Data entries
____________________
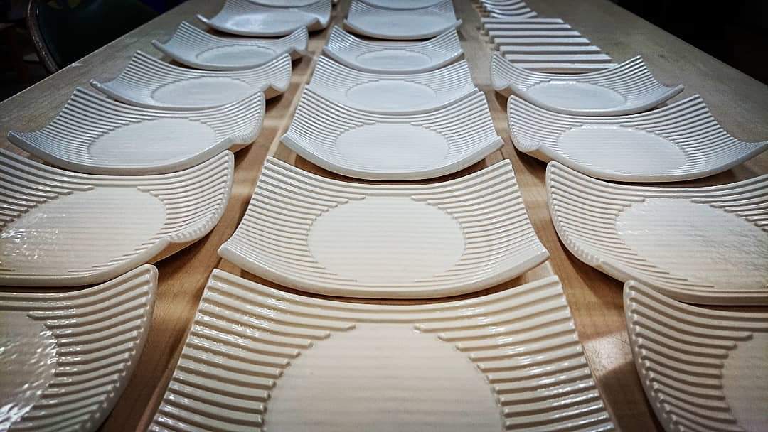 中央部は丁寧に丸く削ることにより、フラットな面を出しております。表面にはほのかに残る線の模様が、いつまでも続く波の波紋のようで美しいです。
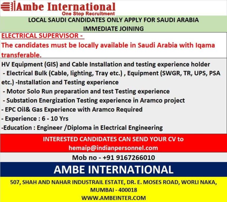 IMMEDIATE JOININGELECTRICAL SUPERVISOR –The candidates must be locally available in Saudi Arabia with Ilqamatransferable.HV Equipment (GIS) and Cable Installation and …
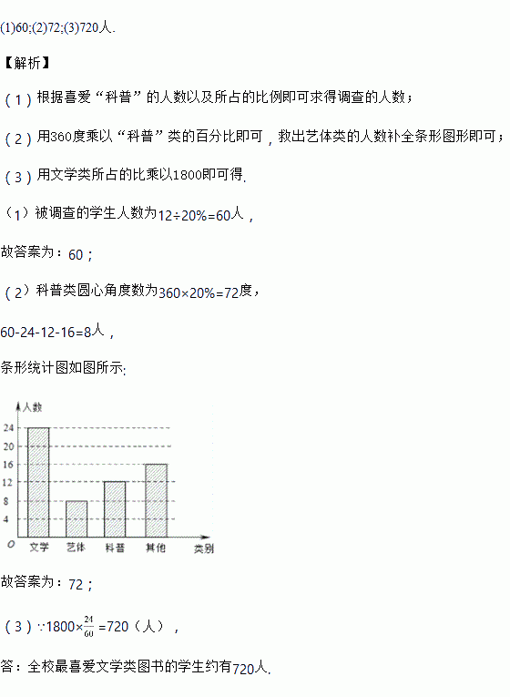 (3)已知该校有1800名学生,估计全校最喜爱文学类图书的学生有多少人?
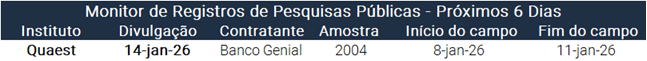 Um pouco mais cedo, foi divulgada pesquisa Boas Ideias, primeira sondagem registrada no TSE a ser publicada em 2026. Lula lidera todos os cinco cenários de primeiro turno. Em segundo turno, Flávio tem desempenho pior do que Tarcísio e Michelle contra o atual presidente. Veja os dados completos aqui (app: https://bit.ly/4qpvIXu e desktop: https://tinyurl.com/yjud5xcu).
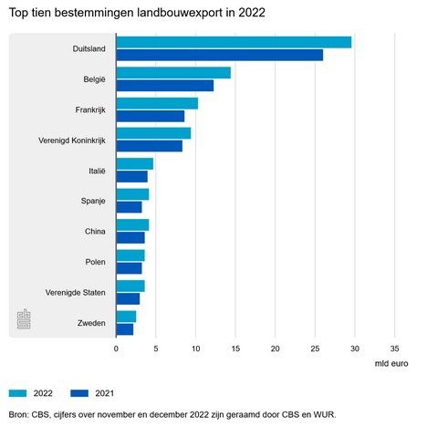 De export naar Spanje (met 25 procent) en naar de Verenigde Staten (met 24 procent) is sterk in waarde toegenomen. Daardoor is Spanje nu de zesde exportbestemming van landbouwgoederen in plaats van China. Zweden is de nieuwe nummer tien en komt op de plek van Denemarken, de nummer tien van 2021.
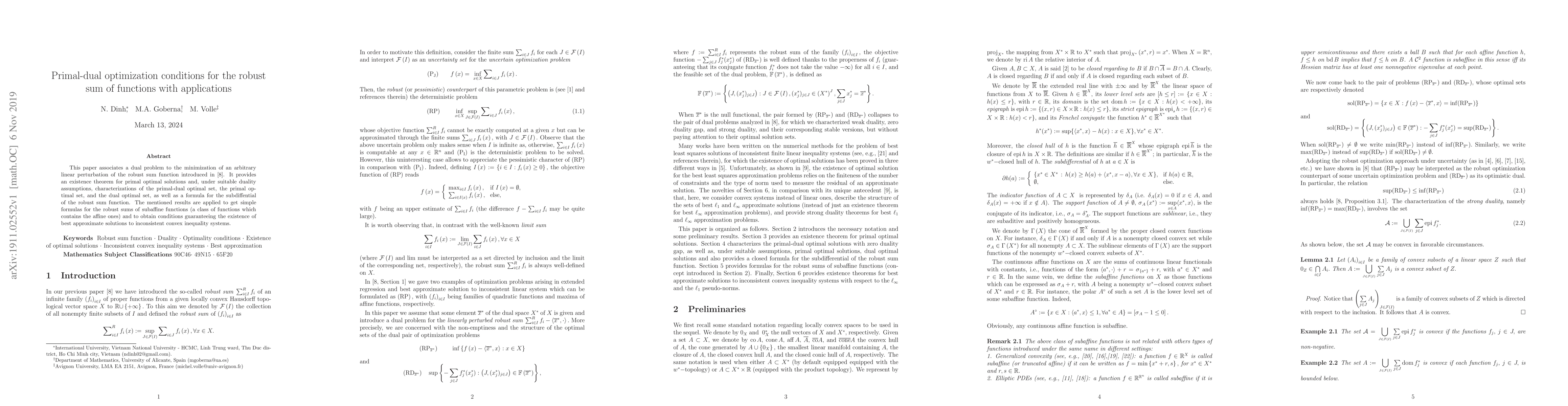 This paper develops conditions for optimal solutions to a specific optimization problem, with applications in robust sum functions and convex inequality systems.
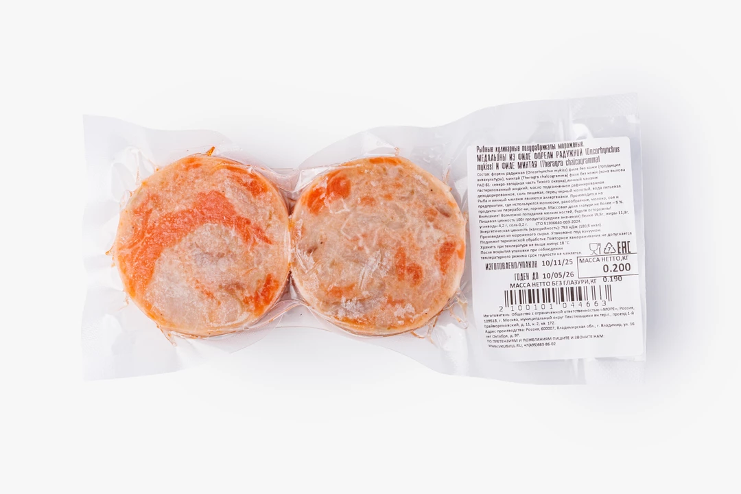 Аппетитные медальоны приготовлены из филе радужной форели и минтая. Добавили яйцо, чтобы они лучше держали форму, и деликатно подчеркнули вкус щепоткой соли с перцем. Предварительная разморозка не требуется — просто обжарьте на разогретой сковороде с обеих сторон до румяной корочки. Яркий вкус подчеркнут соусы на основе сливок или заправка из лимона и пряных трав. Подходят для лёгкого ужина с овощами.
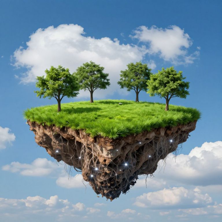 Suspended in mid-air, a triangular island of vibrant green grass and four neatly spaced trees floats against a backdrop of deep blue sky dotted with fluffy white clouds, its underside revealing a mirrored reflection of the landscape below, creating an illusion of a meadow growing upside down amidst a soil-like layer of cascading roots and starlight.
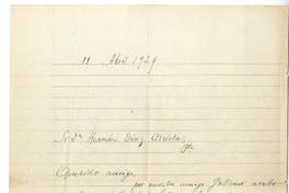 [Carta] 1929 abril 11, Santiago, Chile [a] Hernán Díaz Arrieta [manuscrito] Omer Emeth.
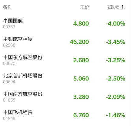 截至发稿,中国国航(00753)跌3.8%,报4.81港元;东方航空(00670)跌3.25%,报2.68港元;首都机场(00694)跌2.7%,报5.05港元;南方航空(01055)跌2.09%,报3.28港元。
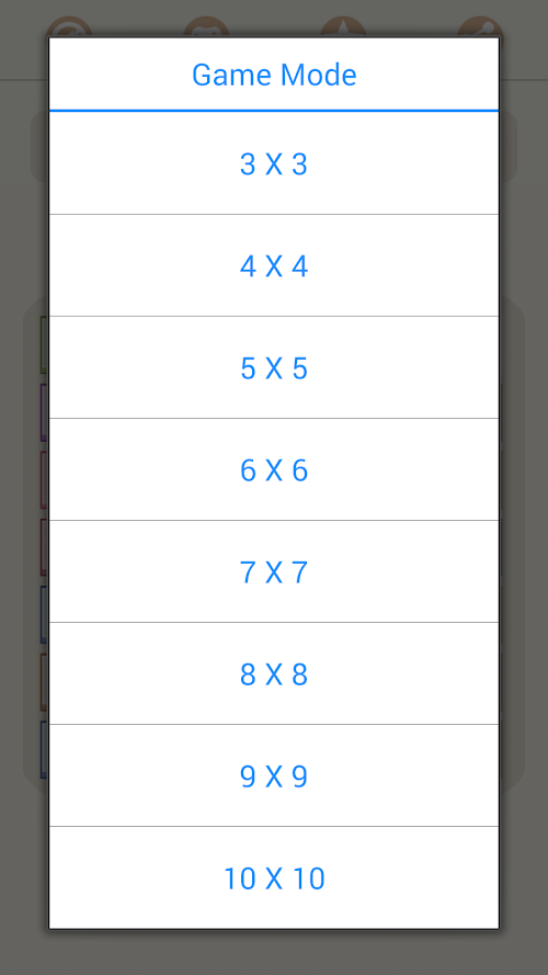 This game contains original 4x4 board , also contains 3x3, 5x5, 6x6, 7x7, 8x8, 9x9, 10x10 board.
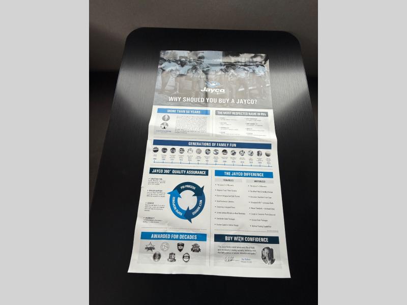 The Jayco Jay Flight SLX travel trailer is quite easy to own because it is lightweight for an easier towing experience. Built on a fully integrated A-frame with galvanized-steel, impact-resistant wheel wells, the Jay Flight SLX has quality at its very foundation. That quality continues on to the electric self-adjusting brakes, easy-lube hubs, Magnum Truss roof system, and LP quick connect. Some of what the mandatory Customer Value Package includes is backup camera prep, Keyed-Alike entry and baggage doors, marine grade exterior speakers, and an on-demand tankless water heater.
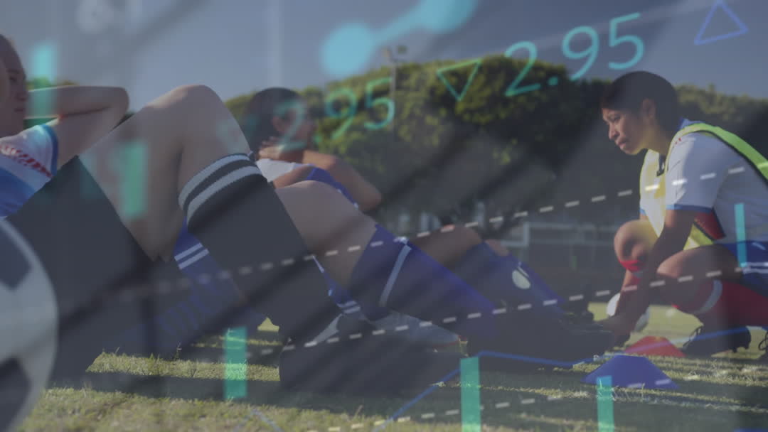 Image depicts a group of female soccer players engaging in sit-up exercises on a soccer field while their teammate leads a training session. Overlay of financial data and graphs adds a unique contrast, representing themes of athletic performance and analytics. Useful for illustrating connections between sports and data-driven insights or enhancing content related to women in sports and economic analysis.
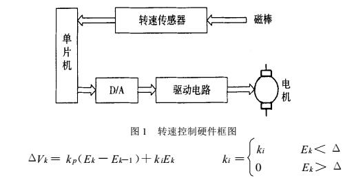 設(shè)給定轉(zhuǎn)速為 Ng ,則給定的旋轉(zhuǎn)周期為:Tg =60000/Ng(m s);設(shè)第 K 圈的周期為 T k ,則第 k 次誤差為 :Ek =Tg -Tk (ms)。Ek -1為第 K -1 次誤差,kp 為比例系數(shù) ,ki 為積分系數(shù), Vk 為第 K 次電壓增量。
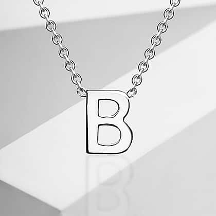 9K White Gold 3.5mm x 5mm 'B' Initial Adjustable Necklace 15 - 17 Inch
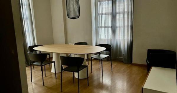 Se trata de una habitación, con dos grandes ventanales de techo a suelo con cortinas, una mesa ovalada en el centro con varias sillas, un sillón y un mueble auxiliar.
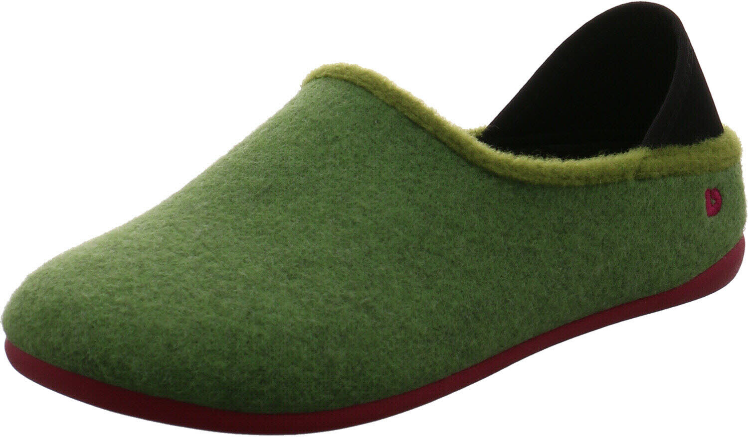 Made in Spain!Individuell sportliches, ökologisches Design trifft auf absolute Bequemlichkeit.Dieser Damen Hausschuh von Dinamic in Grün wurde aus Recyceltem Polyester aus PET Flaschen gefertigt und das Obermaterial hat die Haptik von Filz. +
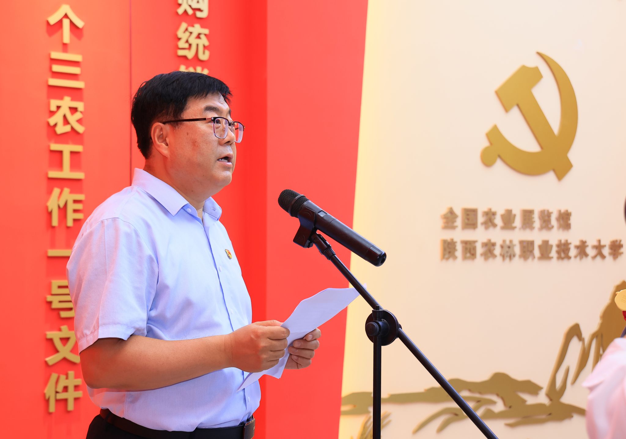 韩明军在致辞中指出,建设百年伟业·红色三农研学馆是学校深入学习贯彻习近平总书记关于“三农”工作重要论述的重要体现。他表示,学校将以研学馆为平台,教育引导广大师生深入了解中国共产党解决“三农”问题的光辉历程,厚植“三农”情怀,不忘初心使命,勇挑强农兴农重担。作为庆祝中国共产党成立100周年主题展巡展点、全省农村基层干部培训基地、杨凌示范区研学教育实践基地,研学馆将积极主动服务杨凌示范区发展,服务、辐射全省、全国旱区乃至全国党员干部、大中小学生的红色三农教育工作,凝聚更加强大的力量,为农业高质高效、乡村宜居宜业、农民富裕富足作出更大的贡献。
____________________
# ABOUT THIS EXERCISE
Set down exactly the lines above, from the line containing "[Carta] 1929 abril" through the line containing "This game contains". Skip the pictures.

# TASK RESPONSE
 [Carta] 1929 abril 11, Santiago, Chile [a] Hernán Díaz Arrieta [manuscrito] Omer Emeth.
 截至发稿,中国国航(00753)跌3.8%,报4.81港元;东方航空(00670)跌3.25%,报2.68港元;首都机场(00694)跌2.7%,报5.05港元;南方航空(01055)跌2.09%,报3.28港元。
 This game contains original 4x4 board , also contains 3x3, 5x5, 6x6, 7x7, 8x8, 9x9, 10x10 board.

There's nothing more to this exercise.